Ablation study results (EleQA).
Table 6.
Ablation study results (LongQA).
The ablation results highlight the contributions of each HiSem-RAG component across different datasets. All three core modules play significant roles in both tasks, but their impact and mechanisms vary.
The hierarchical index module is foundational for both datasets. On EleQA, removing it reduces overall accuracy by 6.61%; on LongQA, ROUGE-L drops by 23.4% and MRR@1 by 27.3%. This reflects the limitations of traditional fixed-window chunking, which easily disrupts semantic integrity. Hierarchical indexing preserves natural paragraph boundaries and semantic coherence, enabling the model to better grasp document logic. This is especially important for long documents, where multi-level semantic structure is common and maintaining integrity helps the retrieval system understand organization.
The semantic enhancement module has the most pronounced impact. Its removal causes a 6.92% drop in overall EleQA accuracy, a 42.2% decrease in ROUGE-L, and a 67.9% decrease in MRR@1 on LongQA. This indicates that semantic enhancement is crucial for connecting document fragments and supplementing context: title propagation restores lost semantic links during chunking, while knowledge extraction and summarization filter out irrelevant content. Lack of semantic ties severely impacts retrieval quality, especially in long documents where fragments often need more context for accurate understanding.
The adaptive threshold module shows differentiated effects across task types. On EleQA, its effect is most marked on fill-in-the-blank questions: removing it drops accuracy from 74.13% to 62.90%. On LongQA, MRR@1 drops from 0.458 to 0.383. This validates the limitations of fixed-retrieval-number strategies, while adaptive thresholding can dynamically widen or narrow the retrieval scope within hierarchical structures according to query characteristics. This flexibility is especially important for fill-in-the-blank tasks needing precise information localization, as key information may be in non-topmost but relevant areas. For long documents, the mechanism balances retrieval breadth and depth, improving quality while reducing redundancy.

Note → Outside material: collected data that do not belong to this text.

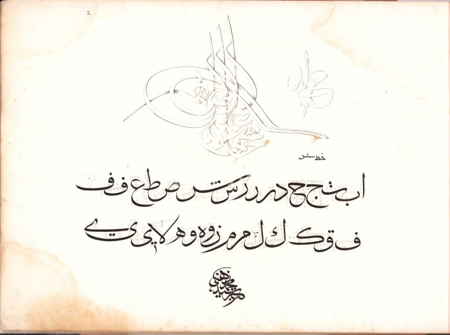 Taş baskı eserde, sülüs, nesih, talik, divani, siyakat, rık‘a gibi her bir yazı çeşidinin hususiyetlerini gösteren kısa metinler yazılıdır. Metinlerin başında hangi hatla kaleme alındıkları belirtilmiştir. Çeşitli tuğra örneklerine de yer verilen eserin hüsn-i hat hakkında eğitim alan şehzadelerin derslerinde kullandıkları bir yardımcı kaynak olduğu anlaşılmaktadır. Hat sanatında kullanılan alet ve edevatı da çizimlerle gösterilmiştir.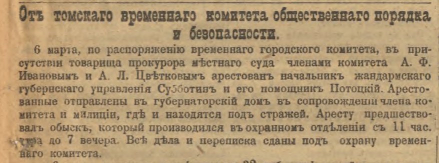 В Томске обошлось без насилия и массовых расправ над полицейскими. Однако отдельные аресты все же случались. 6 марта были взяты под стражу начальник губернского жандармского управления Субботин и его помощник Потоцкий. В тот же день в охранном отделении провели обыск, после которого все дела и служебная переписка были изъяты и поступили под ответственность временного городского комитета. Любопытно, сохранились ли те документы и где сейчас они могут находиться?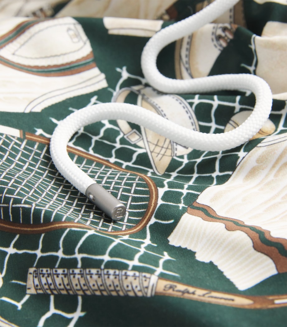 Reverence for sports codes are a recurring point of inspiration in the Ralph Lauren universe. The Amalfi swim shorts from the label’s Purple Collection take that ethos to heart by featuring an overall tennis print that will introduce a welcome dose of colour and pattern into your swimming uniform.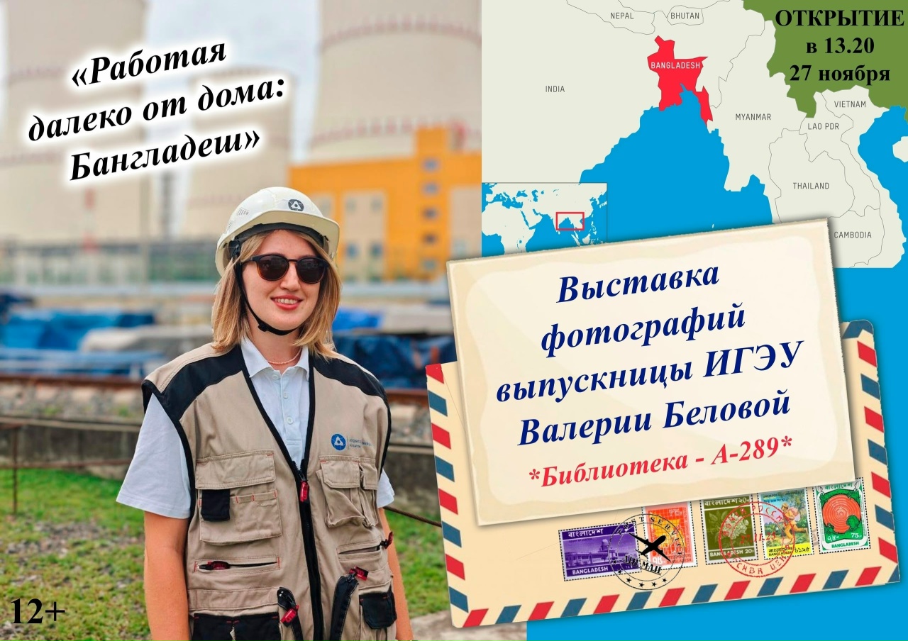 Выставка фотографий Валерии Беловой, выпускницы вуза, инженера «Смоленскатомтехэнерго», работающей на строительстве АЭС «Руппур» в Народной Республике Бангладеш, приурочена к 80-летию атомной отрасли и организована Библиотекой вуза при поддержке кафедры атомных электрических станций.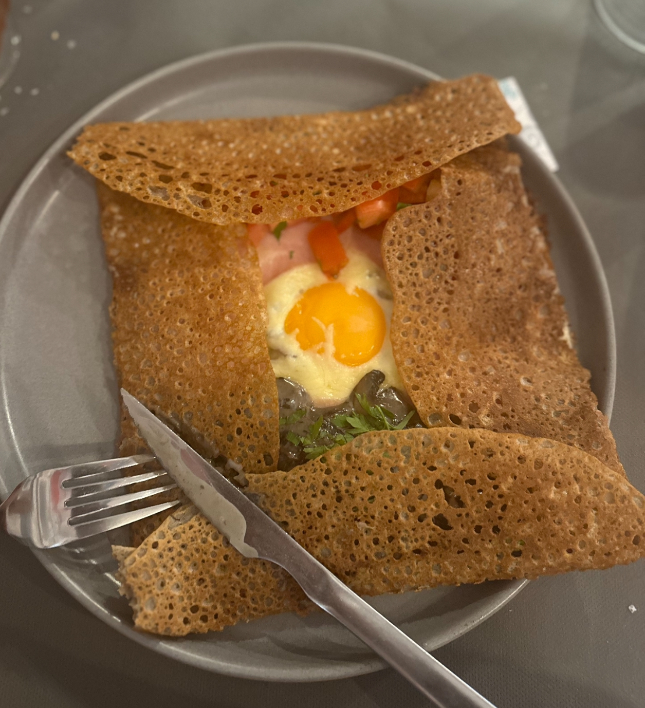 Намыв, возвращаясь к вопросу о твоих извращенны вкусовых предпочтениях. Вот, я снова в вашей дыре. Среди прочего заказал блинчик. Он хоть и бретонский, но почти как питерский, аки твоя бабушка делала. Без ненавистных тебе омаров да устриц.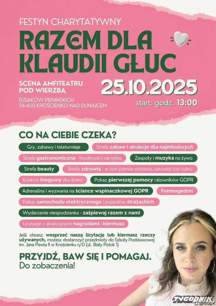 Pomóżmy Klaudii wygrać z chorobą. Festyn już w sobotę, 25 października w Amfiteatrze pod Wierzbą w Krościenku.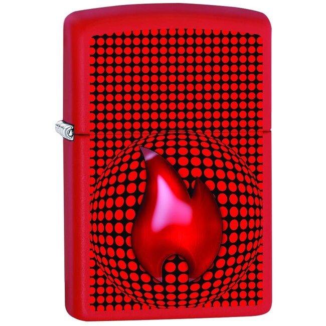 Metal lighter in a red matte finish with a print. This flint lighter has to be filled with lighter fluid before using. The brand Zippo is famous about their quality and lifetime garantee.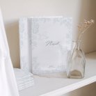Cubierta de libro de misa en cartulina a juego con tu invitación: Se puede decorar con un lazo (se compra por separado, varios colores disponibles). Las hojas interiores no se suministran (sugerencia: Imprime las hojas interiores en papel A4, dóblalas y átalas con el lazo).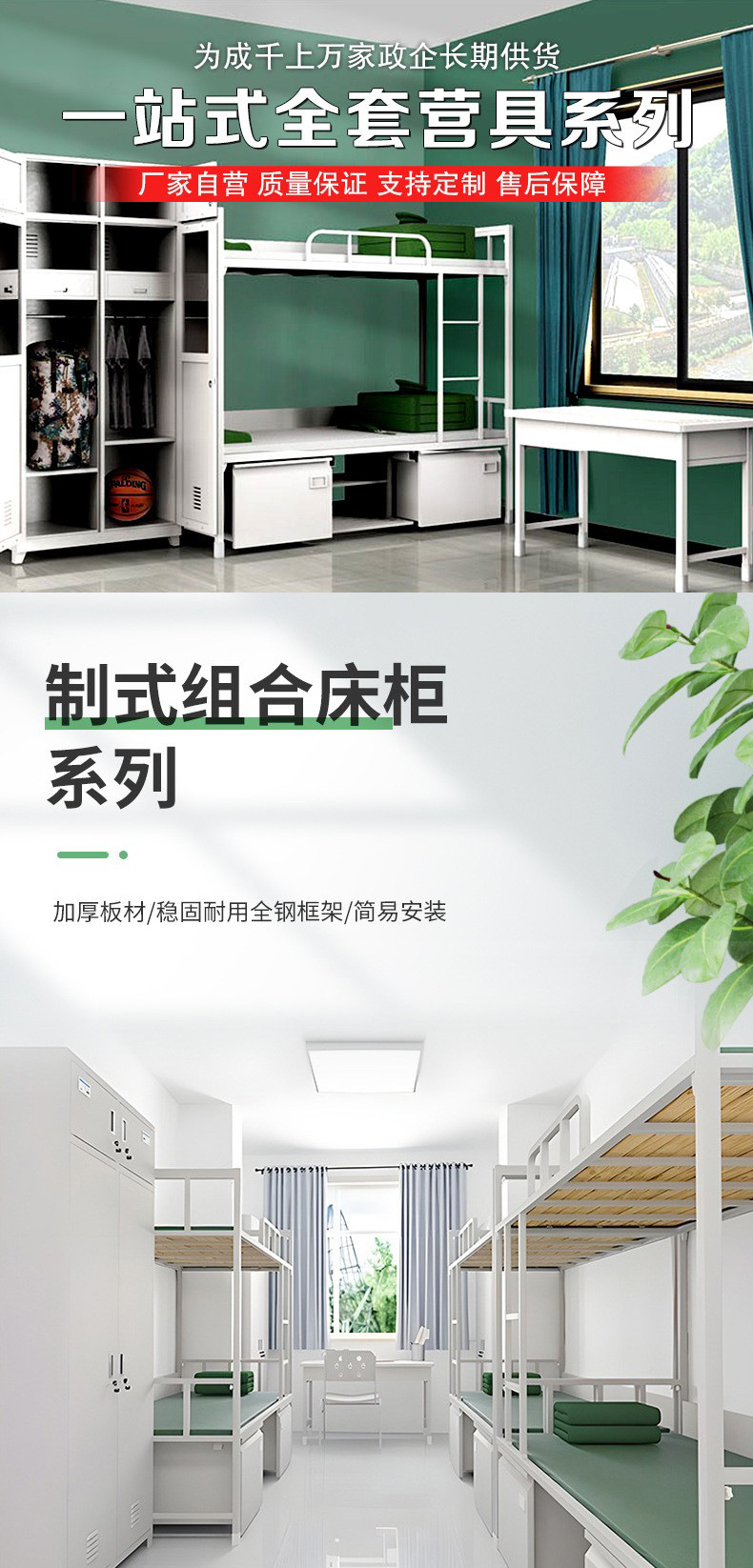 군용 이층침대, 내부 수납장, 높낮이 조절 가능한 철제 이층침대, 잠금장치가 있는 철제 수납장, 학습용 책상 및 의자 세트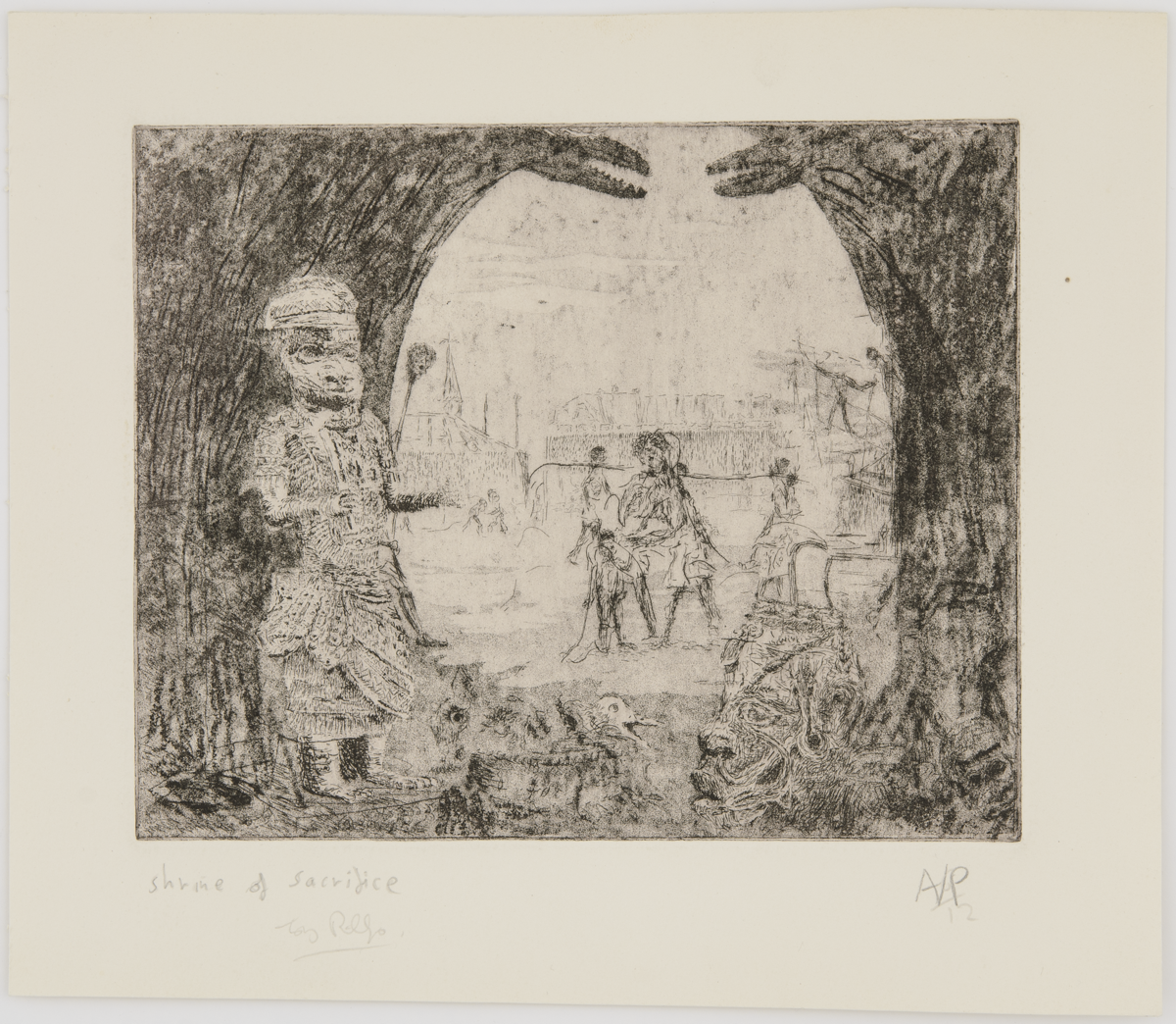 Etching titled Shrine of Sacrifice (1984) by Tony Phillips. Third image in the suite of twelve plates The History of the Benin Bronzes. England, 20th century. MAA 2020.13.2.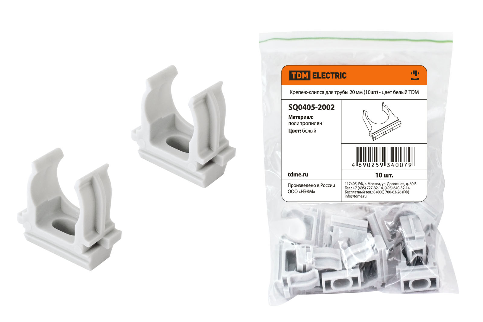 Наименование: Крепеж-клипса для трубы 20 мм (10шт) - цвет белый TDM

In summary, the ablation study demonstrates the complementary roles of the three core modules. The hierarchical index provides semantically complete base units, semantic enhancement supplements context and deepens understanding, and adaptive thresholding optimizes retrieval strategy to expand relevant coverage. This combination enables HiSem-RAG to adapt to various QA tasks, delivering high performance with reduced computational cost.
6.3. Qualitative Case Study: Retrieval Completeness Analysis
To intuitively demonstrate how HiSem-RAG improves contextual completeness compared to traditional methods, we present a detailed step-by-step analysis of a real-world query from the LongQA dataset: “What are the process standards for main transformer installation? ” (Refer to the visualized comparison in Figure 1).
Scenario Setup: The source document contains structural ambiguity, where the subsection “2. Process Standards” recurs across **multiple chapters** (including Main Transformer System, Neutral Point System, etc.) with identical naming but distinct contexts. The user’s intent specifically targets the standards within the “Main Transformer” chapter.
Step 1: Baseline Retrieval (Traditional RAG) As shown in Figure 1B, traditional flat retrieval relies heavily on keyword matching and fixed truncation strategies.
- False Positive: The chunk from the Neutral Point System (Chunk 7) achieves the highest similarity score (0.83) because its content heavily overlaps with the query terms, despite being semantically irrelevant to the requested equipment.
- Context Fragmentation: The subsequent relevant chunk (Chunk 4), which contains critical installation details like “relay protection,” yields a significantly lower similarity score (0.62) because it lacks direct keyword overlap with the query. Consequently, it is excluded by standard top-k or threshold filtering. Furthermore, even if Chunk 4 were retrieved, it would lack the necessary hierarchical context (i.e., belonging to “Main Transformer”), making it difficult for the LLM to interpret correctly.
- Outcome: The generated answer would likely hallucinate by mixing specifications from the wrong system or provide an incomplete response due to missing details.
Step 2: HiSem-RAG Retrieval (Ours) As shown in Figure 1C, our method employs structural encoding and adaptive thresholding.
- Path-Aware Scoring: By incorporating the title path “Ch.1 > Main Transformer”, the similarity score of the correct Chunk 3 is boosted to 0.91. Conversely, the distractor (Chunk 7) is penalized due to the path mismatch (“Neutral Point” vs. “Main Transformer”), dropping its score significantly to 0.45.
- Adaptive Expansion: Based on the similarity distribution of the retrieved candidates, the system calculates a dynamic threshold .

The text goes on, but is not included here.